Выбрать главу

— Может, у вас у всех и есть права, но на этот раз я по совести поступлю, хоть у меня и нет прав. Не буду прятаться за чужие спины. Пошли.

Они останавливаются у водосброса, и тут Манолев уже начинает просить:

— Бай Тишо, ты человек уважаемый, тебя в округе слушают… Хребет у тебя крепкий… Но прошу тебя, не надо этого делать.

— Помидоры засыхают!

— Если что случится — с меня спросят. И ведь могу под суд пойти.

— Занимайся своим делом, а меня пусть судят. Одни меня уже судили — теперь пусть и наши судят, лишь бы народу на пользу.

— Ты член пленума окружного комитета, и весь удар на меня придется. Врежут мне…

— Ну что здесь тянуть? — Бай Тишо рвал задвижку, словно от того, откроет ли он ее, зависела жизнь и его, и всего человечества.

— Не надо, прошу тебя.

— Говори, эту, что ли?!

— Ну, эту…

Струя, закручиваясь, словно в раздумье, заскользила по белому дну канала.
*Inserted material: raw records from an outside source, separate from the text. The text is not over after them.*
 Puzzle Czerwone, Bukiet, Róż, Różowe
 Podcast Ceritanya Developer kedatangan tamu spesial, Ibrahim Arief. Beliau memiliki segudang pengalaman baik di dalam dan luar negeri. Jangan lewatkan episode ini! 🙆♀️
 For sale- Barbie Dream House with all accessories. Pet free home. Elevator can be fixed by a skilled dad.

К вечеру вода дошла до помидорных полей. Рабочие, подвернув штанины, с какой-то остервенелой радостью направляют ее мотыгами в иссохшие, потрескавшиеся борозды. Поливка продолжается и ночью, при свете фонарей.

Бай Тишо, возвратившись домой поздно вечером, еще с порога кричит:

— Давай ужинать! Я голодный. — И на вопрос Славки, чего это он такой веселый, не сокровище ли нашел, отвечает: — Да. Настоящее сокровище. Канал пустили.
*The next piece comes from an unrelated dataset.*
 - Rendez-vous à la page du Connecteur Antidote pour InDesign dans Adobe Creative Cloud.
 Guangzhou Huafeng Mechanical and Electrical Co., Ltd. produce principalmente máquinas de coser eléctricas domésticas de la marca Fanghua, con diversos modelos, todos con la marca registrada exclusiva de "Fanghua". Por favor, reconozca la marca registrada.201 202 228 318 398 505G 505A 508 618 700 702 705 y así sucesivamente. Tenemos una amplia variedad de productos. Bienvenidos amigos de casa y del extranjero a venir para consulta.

— Наконец-то. Комиссия приехала?

— Обошлись. Ее ждать — до седьмого пришествия!

— И ты на себя взял, на свою голову?

— Ну, взял. Пусть люди видят, я за чужой спиной не прячусь.

— Тишо, Тишо! Старик ведь уж, а рассуждаешь, точно дитя малое. Люди, говоришь? Какие? Те, что тебя судить будут? Случись что — не свои люди тебя судить будут, а бог знает кто!
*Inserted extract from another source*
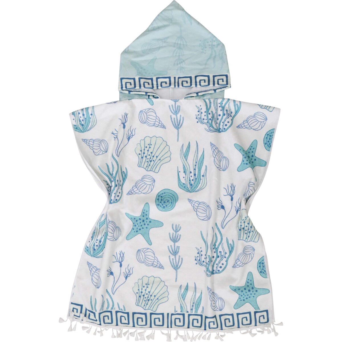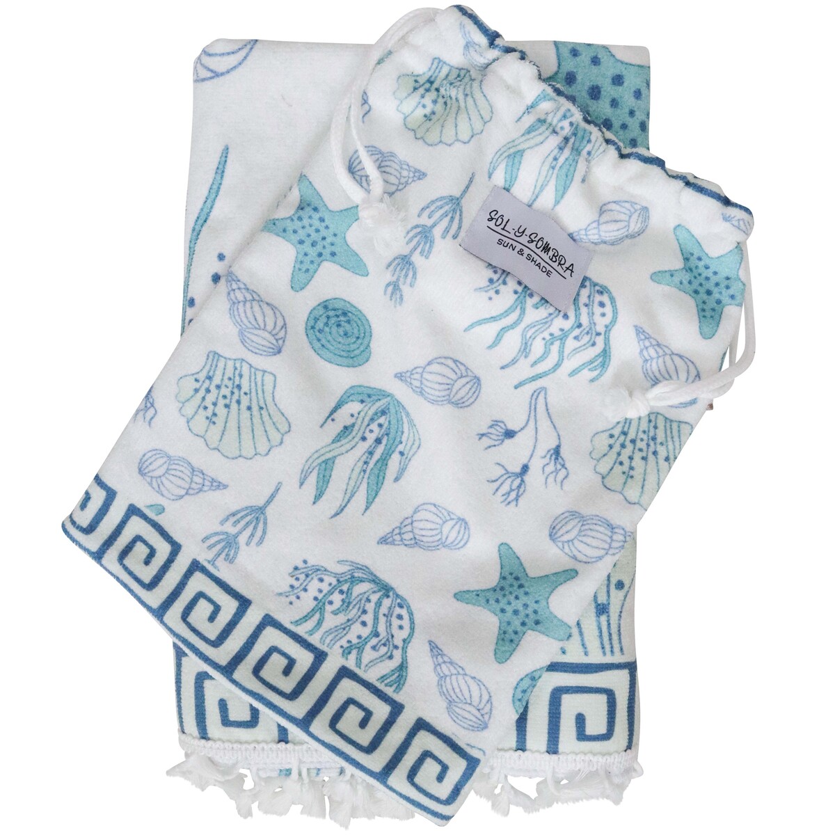 We're always on the hunt for something fun, practical, and just a little bit clever - that's why we've fallen pretty hard for this Kids Towel Poncho with matching Drawstring Bag in Ocean print. It's done in this fresh blue and white microfibre that’s beachy without being over-the-top, and we think kids will love those cute sea creatures scattered everywhere. The Greek key border? That unexpected detail keeps things looking pretty smart - not too childish, but definitely playful. The size is generous: 70 by 70 centimetres plus the hood, so it’s roomy for most ages.
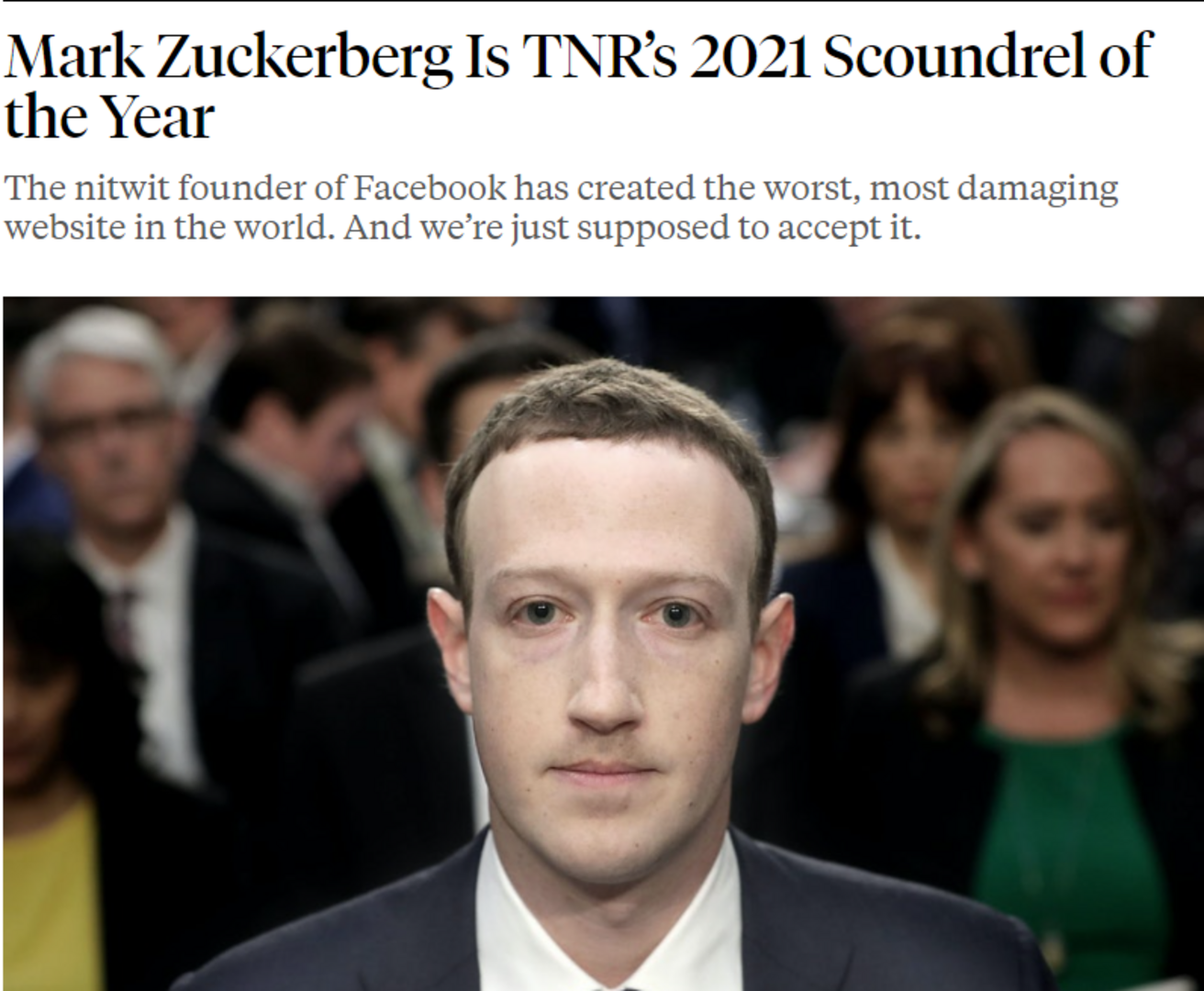 Magazin New Republic proglasio je osnivača Facebooka Marka Zuckerberga “nitkovom godine” zbog stvaranja “najgoreg, najštetnijeg sajta na svijetu”.

— Что ж ты предлагаешь? Дать помидорам сгореть? И ты туда же! Возвращаюсь домой счастливый — тебе мало этого?

— Ну а, не дай бог, если случится что?

— Не случится, не каркай. Течет себе вода и течет. Случи-и-ится…

Больше о канале ни слова. Поужинали, улеглись, и только тогда заговорила Славка о дочери их, Сребре: забегала на часок и опять уехала. Собрала ей черешни большую корзину — пусть полакомятся…

Бай Тишо спросил:

— Только за этим и приходила?

— Нет… Кажется, оценка там какая-то — вроде тройка по болгарскому…

Около полуночи громко застучали во входную дверь.

Бай Тишо вышел на террасу, спросил, кому это неймется в такое время.

— Это я, Димитр, Митрето, полевой сторож. На канале прорвало опорную стену. Там, где яворы… Вода а низ несется — ужас с какой силой!

Бай Тишо, охнув, схватился за сердце.

— Ты ее остановил — воду-то? Заслонку не мог закрыть?

— Не знал я, как она закрывается! И потом, не мое это дело. Мое дело — сообщить!..

Попади-ка на суд к такому, думает председатель. Уж в кутузку. И глазом не моргнет, что он рисковал для его блага и для блага всех.

Этот тебя упечет. Беспременно упечет. Того гляди, Славка правой окажется.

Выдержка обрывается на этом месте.